Southern Ry. Co. v. Board of Com'rs of Public Works of City of Union

246 F. 383 | 4th Cir. | 1917

WOODS, Circuit Judge..

In this action for injunction and damages the Southern Railway Company alleges that it has a right of way through the city of Union, S. C., of 100 feet in width on each side of its main track, and that the board of public works of that city has dug up the soil, built houses and fences, and set up hedges thereon, claiming that it was entitled to the use and occupation of the portion of the right of way so used to the exclusion of the plaintiff therefrom. The board of public works in their answer denied that the lands used and the buildings erected by it are embraced in the right of way of the defendant. The cause having been docketed as a law case, plaintiff’s counsel moved to transfer it to the equity docket for trial. The motion was denied and the trial took place before a jury. At the conclusion of the evidence in response to motions from both sides for the direction of a verdict, the jury were- instructed to find a verdict for the defendant, and judgment was entered accordingly.

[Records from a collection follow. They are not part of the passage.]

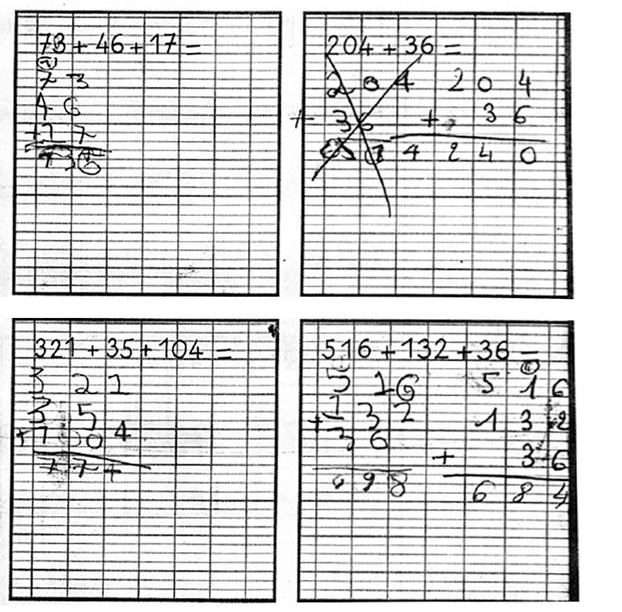 Des troubles visuo-moteurs de l’organisation spatiale apparaissent lorsqu’il faut comparer des signes orientés sur des schémas ou des tableaux, se repérer dans des figures géométriques ou les reproduire, poser des additions (figure), mais il ne s’agit pas d’une dyscalculie.
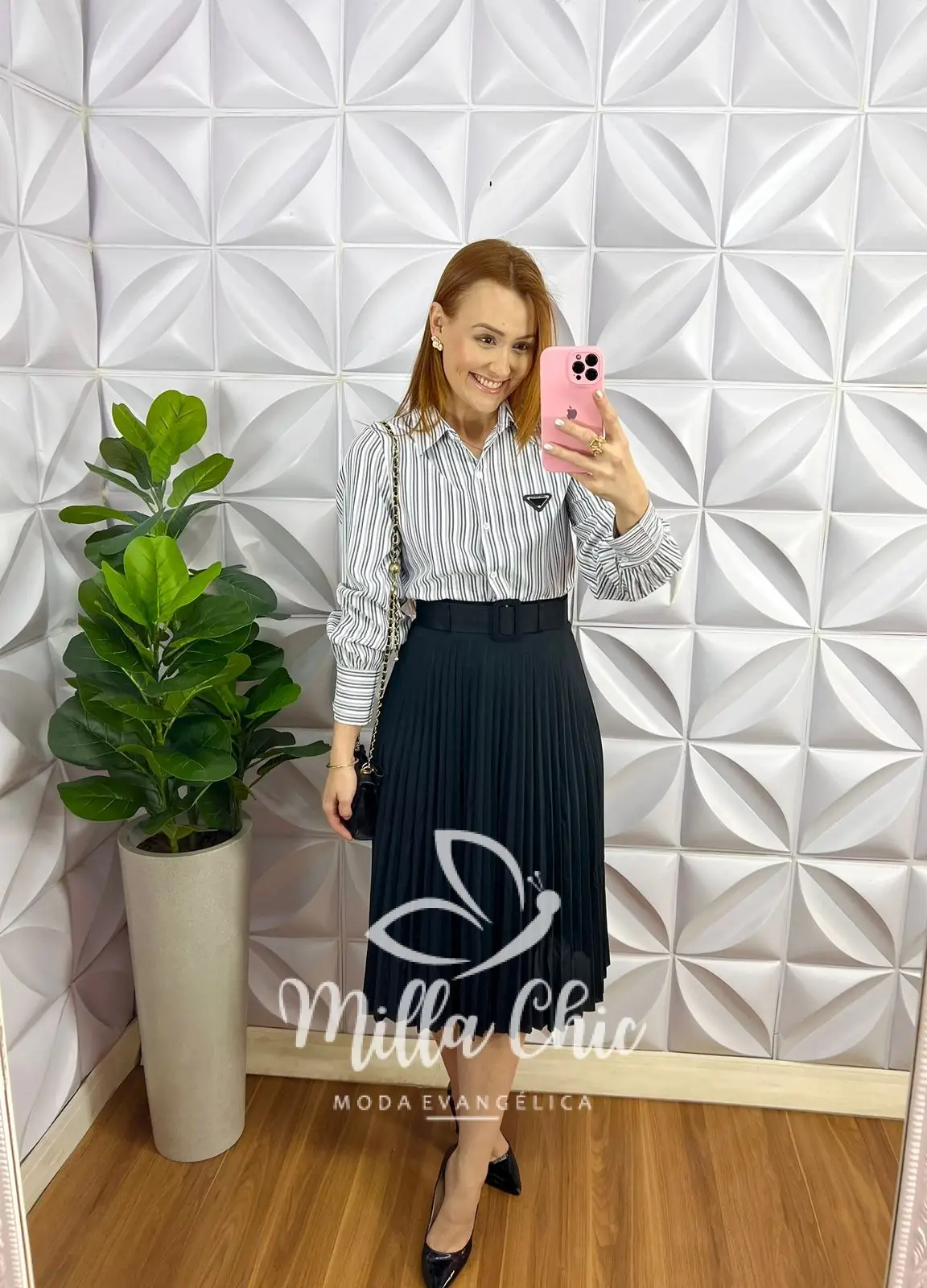 Camisa de Tricoline Listrada Plaquinha Bordada Patrícia - Preta - Milla Chic
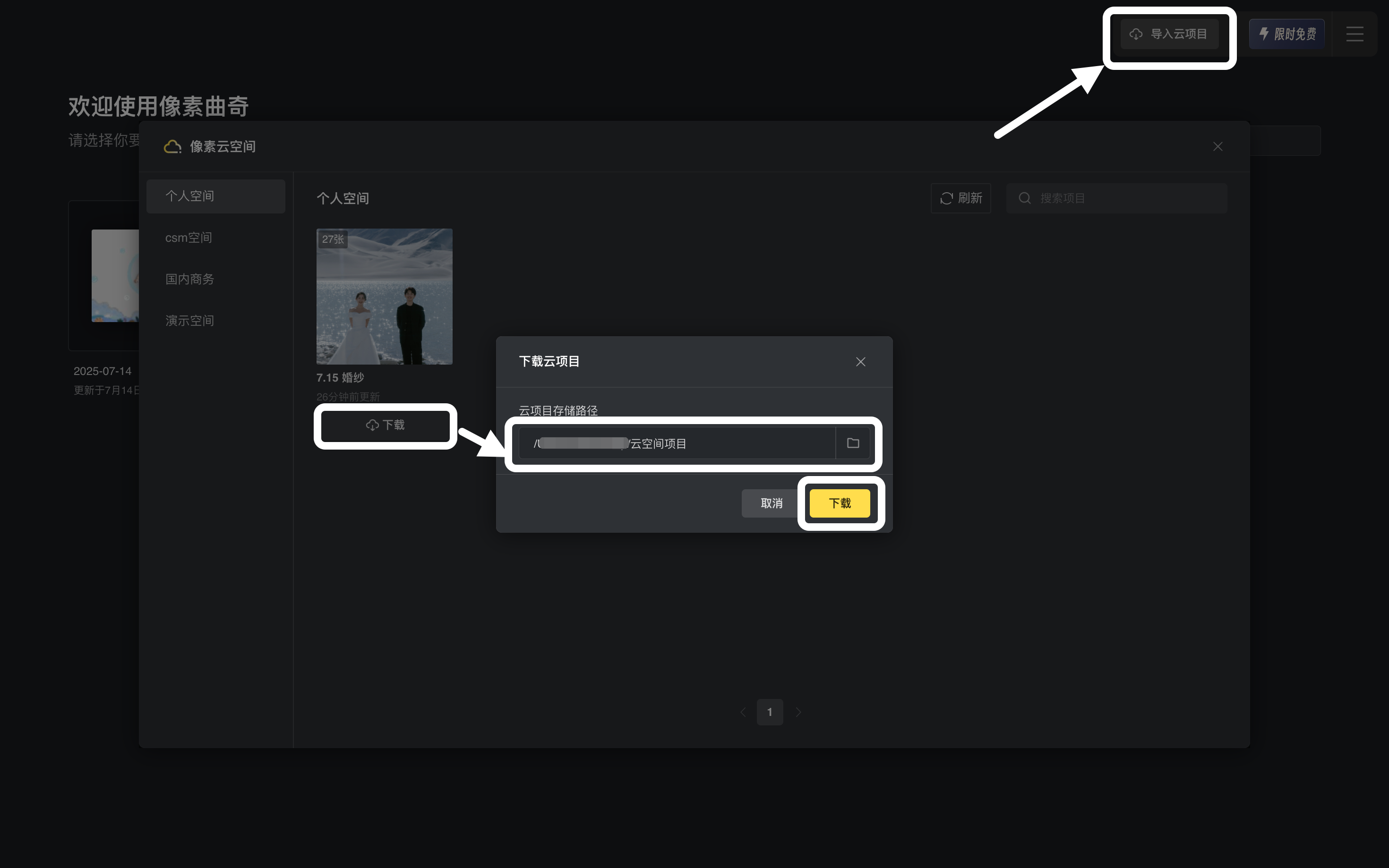 下载并打开像素曲奇,点击右上角「导入云项目」,搜索项目名称,点击「下载」按钮;
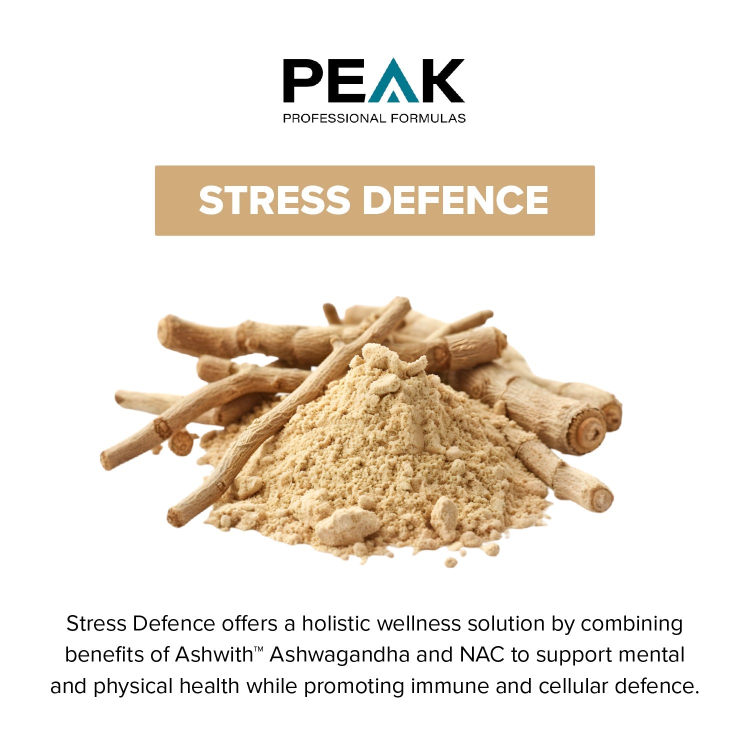 PEAK Stress Defence™ is a next-generation stress support formula designed for real-world demands. Combining Ashwith™—a pharmaceutical-grade, 30:1 ashwagandha extract standardized to 12% withanolides—with NAC (N-Acetyl Cysteine), this clinically grounded supplement supports energy, clarity, and cellular resilience. Ashwith™ targets three specific compounds that activate Nrf2, helping to protect against oxidative stress while balancing cortisol levels.

[1] The Southern Railway Company, as lessee, is successor to all the rights of the Spartanburg & Union Railroad Company, chartered in 1847. The claim to the right of way of 100 feet in width, including *385the land in controversy, depends on the following provision in the charter of the Spartanburg & Union Railroad Company:

“Sec. XI. That in the absence of any written contract between the said company and the owner or owners of land, through which the said railroad may be constructed, in relation to said land, it shall be presumed that the land upon which the said railroad may be constructed, together with one hundred feet on each side of the center of said road, has been granted to the said company by the owner or owners thereof, and the said company shall have good right and title to the same (and shall have, hold and enjoy the same) unto them and their successors, so long as the same may be used only for the purpose of the said road and no longer, unless the person or persons to whom any right or title of such lands, tenements or hereditaments descend 'or come shall prosecute the same within ten years next after the construction of such part or portion of the said road as may be constructed upon the lands of the person or persons so having or acquiring such right to the title as aforesaid, and if any person or persons to whom any right or title to such lands, tenements or hereditaments belong or shall hereafter descend or come, do not prosecute the same within five years next after the construction of the part of the said road upon the lands of the person or persons so having or acquiring such right or title as aforesaid, then he or they and all claiming under him or them shall be forever barred to recover the same.”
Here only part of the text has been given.